Characterization of bad vaccine responders
Crossing data from infections during the Delta-Omicron wage, with both T cell and B cell responses after two doses of SARS-Cov-2 vaccines, we performed a ROC curve analysis for the levels of anti-SP IgG antibodies and SARS-CoV-2-induced IFNγ secretion. A threshold of 244 BAU/mL anti-SP IgG antibodies (100.0% sensibility, 78.6% specificity) and 0.285 IU/mL of IFNγ secretion (100% sensibility, 72.1% specificity) was established (Fig. 5B) defining four quadrants (Q). This allow to distinguish an area of values where no infections were found (Q4) from an area were individuals got infected (Q1-3) (Fig. 5C). Individuals in Q4 area were considered good vaccine responders and individuals in Q1-3 were bad vaccine responders or individuals with a declining SARS-CoV-2 immunity.

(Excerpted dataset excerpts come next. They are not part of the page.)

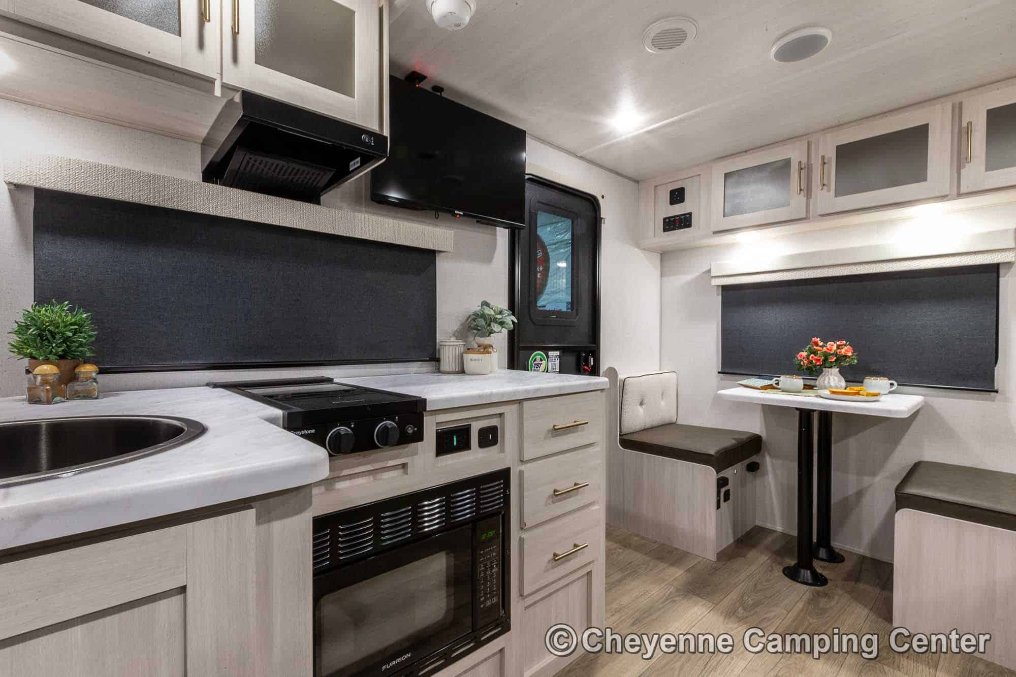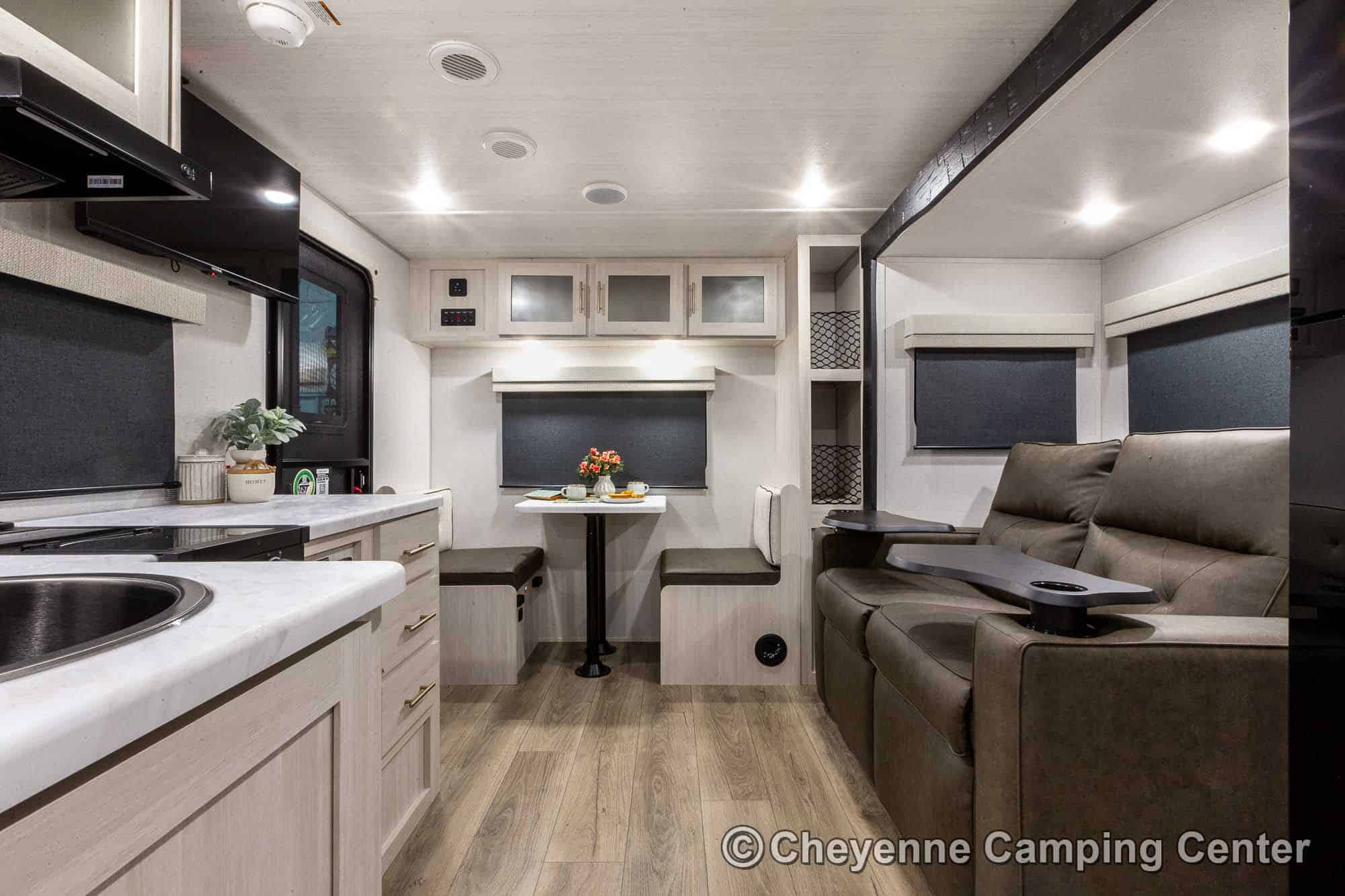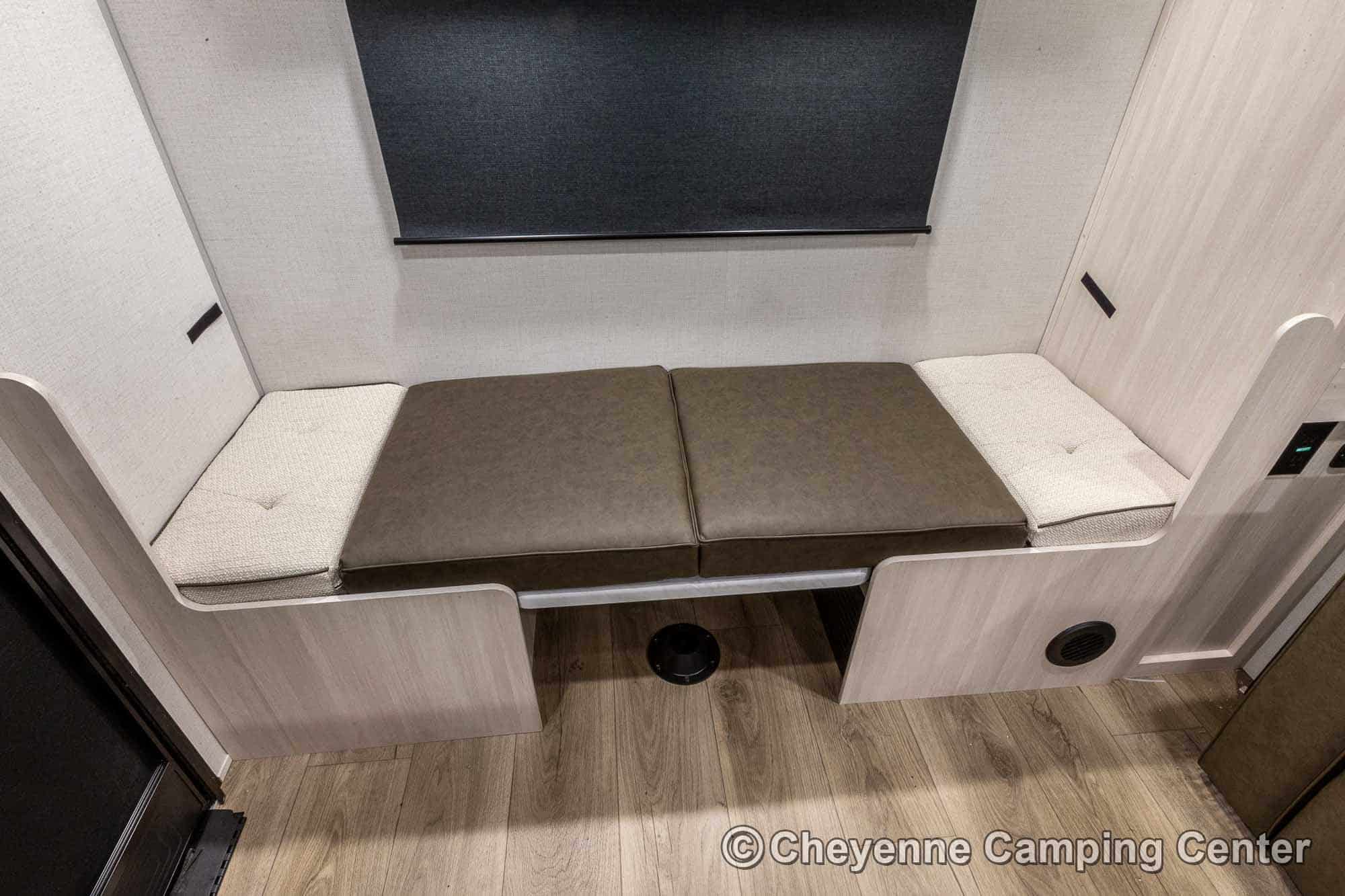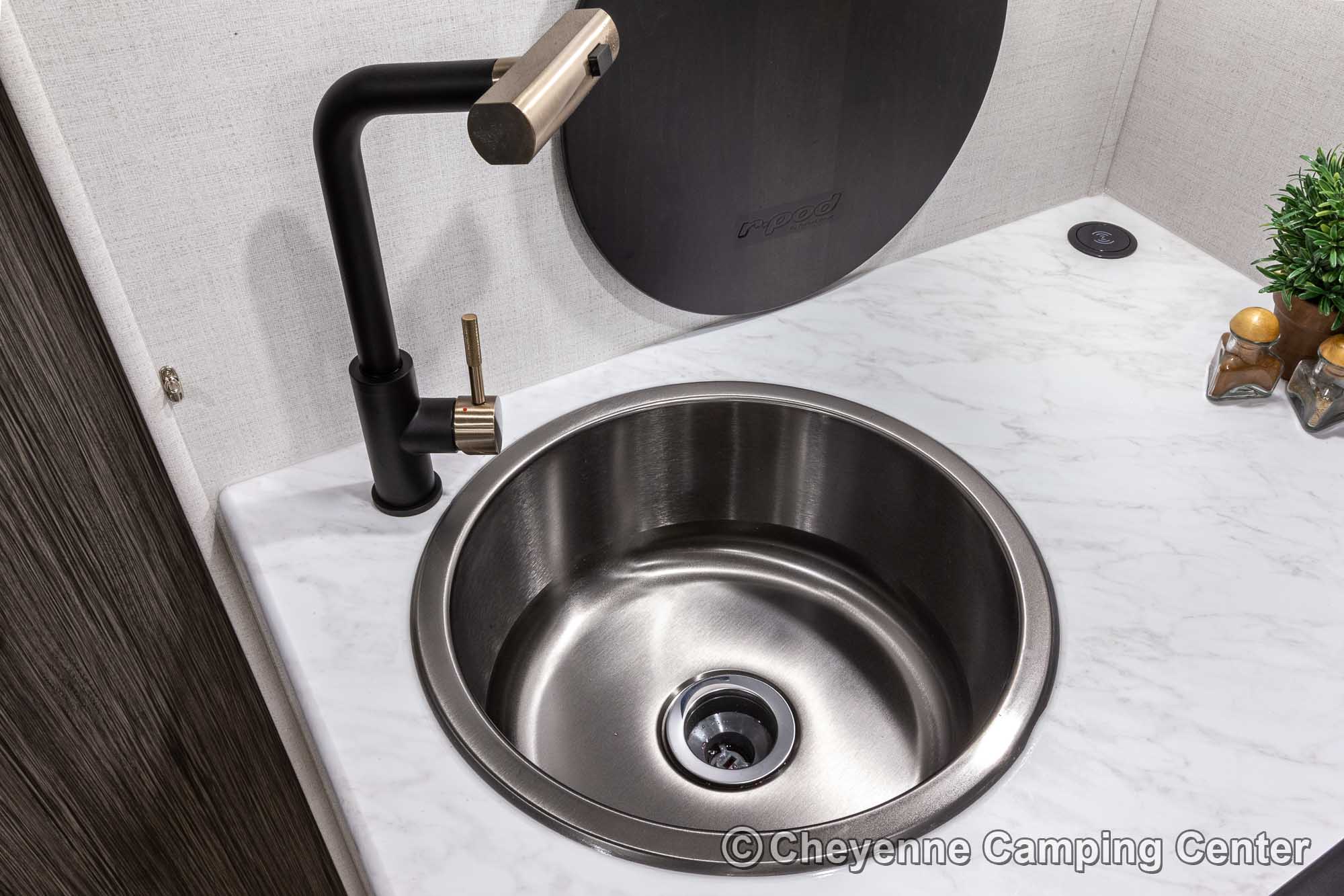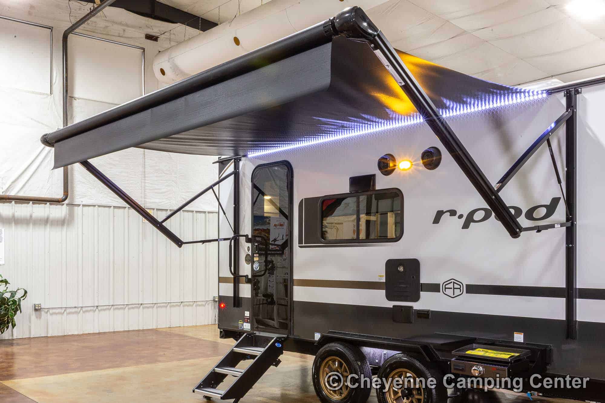 The R-Pod RP-198 also comes loaded with modern conveniences like a central vacuum, Bluetooth stereo, 32″ smart TV, USB ports, seamless countertops, roller shades, a 15K BTU air conditioner, and an enclosed and heated underbelly. Backed by a one-year manufacturer’s warranty and complimentary roadside assistance, the R-Pod RP-198 for sale at Cheyenne Camping Center is the perfect couples travel trailer for those seeking adventure in comfort and style.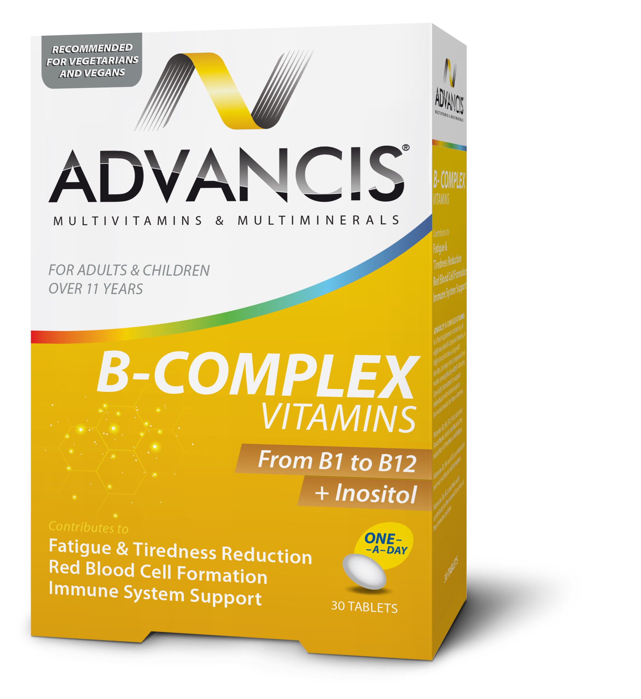 Advancis® B-Complex Vitamins contains all eight essential B-Complex Vitamins along with inositol, an important compound that works synergistically with B-Vitamins.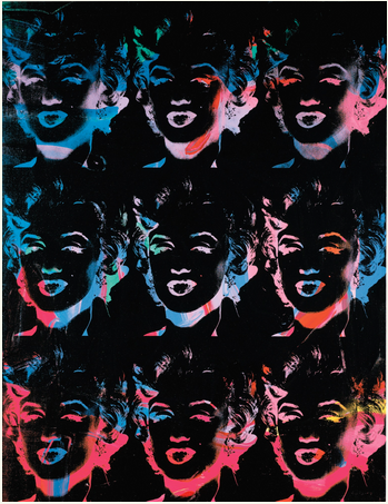 Andy Warhol, Nine Multicoloured Marilyns (Reversal Series), via Sotheby’s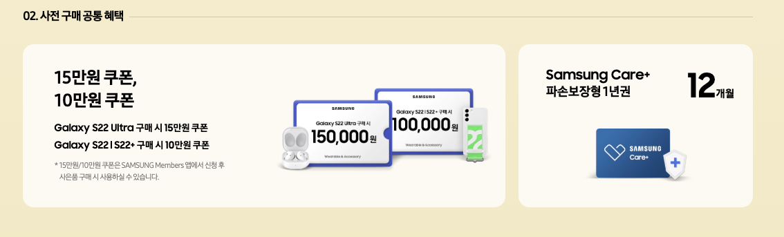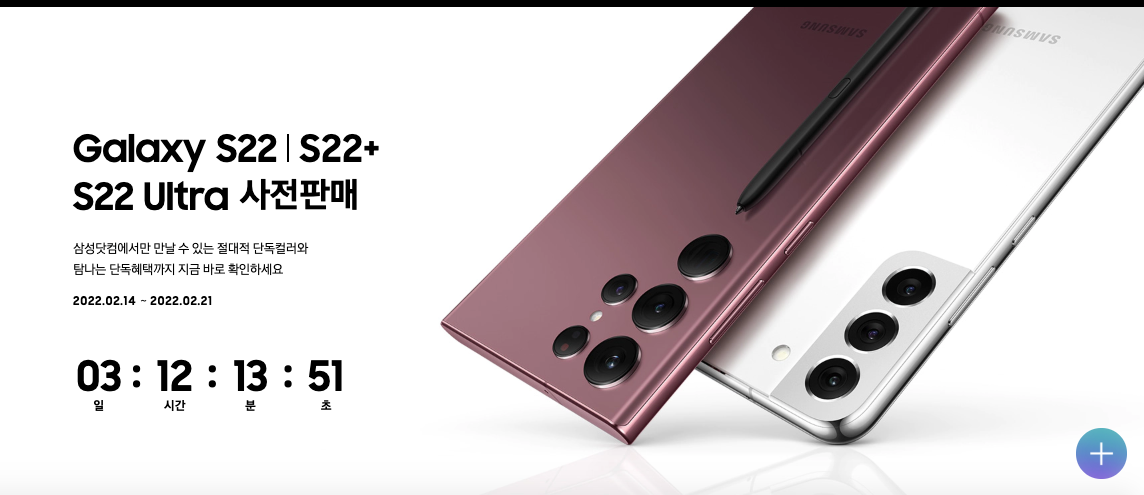 삼성전자에서 지난 14일부터 진행된 갤럭시 s22 사전예약 판매 이벤트를 2월21일까지 진행 중입니다. skt, kt,LG유플러스 등 이동통신 3사를 통해 예약판매 첫날 역대 최고 실적을 기록하면서 쿠팡은 갤럭시S22 시리즈 제품 사전예약을 진행하는 고객에게 갤럭시 웨어러블 제품을 30% 할인되는 쿠폰을 제공하는가 하면 11번가는 14일 자정부터 진행한 갤럭시 s22 시리즈 자급제 모델 라이브방송에서 전기종 모두 완판되며 빠르게 품절됐다고 전했습니다.

There were no statistical differences in gender, age or the number of vaccine doses between the two areas. Time between sampling and the second vaccine dose was higher in individuals in the Q1-3 area than in individuals in the Q4 area (186.5 vs 160.0 days, respectively, p = 0.0171). In the Q1-3 area 62 of 144 (43.1%) individuals displayed at least one comorbidity vs only five of 25 (20.0%) in the Q4 area (p = 0.03). As there was a difference in comorbidities among the two areas, we measured the general capability of T cells and innate immunity cells to secrete IFNγ after anti-CD3 and TLR 7/8 agonist stimulation. There were no statistical differences of IFNγ secretion capability between individuals from Q4 and Q1-3 (100.0 vs 165.0 IU/mL, respectively, p = 0.39) (Table 5).
Table 5
Characterisation of individuals in Q4 versus Q1-3
Characteristics | Q4 | Q1-3 | p-value1: Q4 vs Q1-3 |
Univariable | Multivariable |
n | 25 | 144 | | |
M/F | 6/19 | 28/116 | 0.8 | |
Age (years), median [IQR] | 48 [40.5; 58.5] | 50.5 [42.0; 57.0] | 0.5 | |
BMI (ratio), median [IQR] | 23.1 [21.5; 27.5] | 23.6 [21.7; 26.8} | 1.0 | |
Comorbidities (n, %) | 5 (20.0%) | 62 (43.1%) | 0.03 | 0.03 |
HCWs (n, %) | 2 (8.0%) | 36 (25.0%) | 0.07 | 0.18 |
Time between last dose and questionnaire (days), median [IQR] | 90.0 [76; 108] | 101.0 [86.0; 112.5] | 0.22 | |
Time between D2 and sampling (days), median [IQR] | 160.0 [107.5; 203.5] | 186.5 [154.0; 225.0] | 0.02 | 0.1 |
Current number of vaccine doses, median [IQR] | 3 (22, 88.0%) | 3 (125, 86.8%) | 1.0 | |
Anti-SP IgG (BAU/mL), median [IQR] | 414.0 [311.0; 766.0] | 124.0 [67.0; 221.0] | < 0,0001 | |
Neutralisation of Wuhan variant, median [IQR] | 8.5 [5.5; 12.7] | 2.8 [1.5; 6.3] | < 0,0001 | |
Neutralisation of Alpha variant, median [IQR] | 6.6 [5.3; 10.2] | 2.3 [1.2; 4.8] | < 0,0001 | |
Neutralisation of Delta variant, median [IQR] | 6.9 [5.8; 11.9] | 2.6 [1.3; 5.1] | < 0,0001 | |
SARS-CoV-2 specific T cell response (IU/mL), median [IQR] | 0.79 [0.49; 1.1] | 0.19 [0.08; 0.33] | < 0,0001 | |
Unspecific T cell stimulation (IU/ml), median [IQR] | 100.0 [20.0; 245.0] | 165.0 [26.0; 378.0] | 0.39 | |
N Number; IQR Interquartile range; HCW Health care workers; Anti-SP Anti-Spike; IgG Immunoglobulin G; Anti-N Anti-Nucleocapsid. |
1Mann-Whitney test for quantitative variables; Fisher’s exact test for qualitative variables. All tests are two-sided with statistical significancy p < 0.05. To identify infection and bad vaccine responder’s predictive factors, all variables with p < 0.15 in unadjusted analysis were used for multivariable logistic regression models. *p < 0.05, **p < 0.005, ***p < 0.0005, ****p < 0.00005. |
Multivariable analysis of the factors showed that only the presence of comorbidities explained the difference among individuals in the two areas (p = 0.03). An individual presenting at least one comorbidity was 3.2 times more likely to be in the Q1-3 area (Table 5). In our cohort the most common comorbidities were active smoking and alcohol drinking (30 of 62, 48.5%, for both). Ten of 62 individuals (16.1%) with comorbidities had an autoimmune disease, 14 (22.6%) had high blood pressure, four (6.5%) had cancer, three (4,8%) had chronic bronchitis and two (3.2%) had diabetes.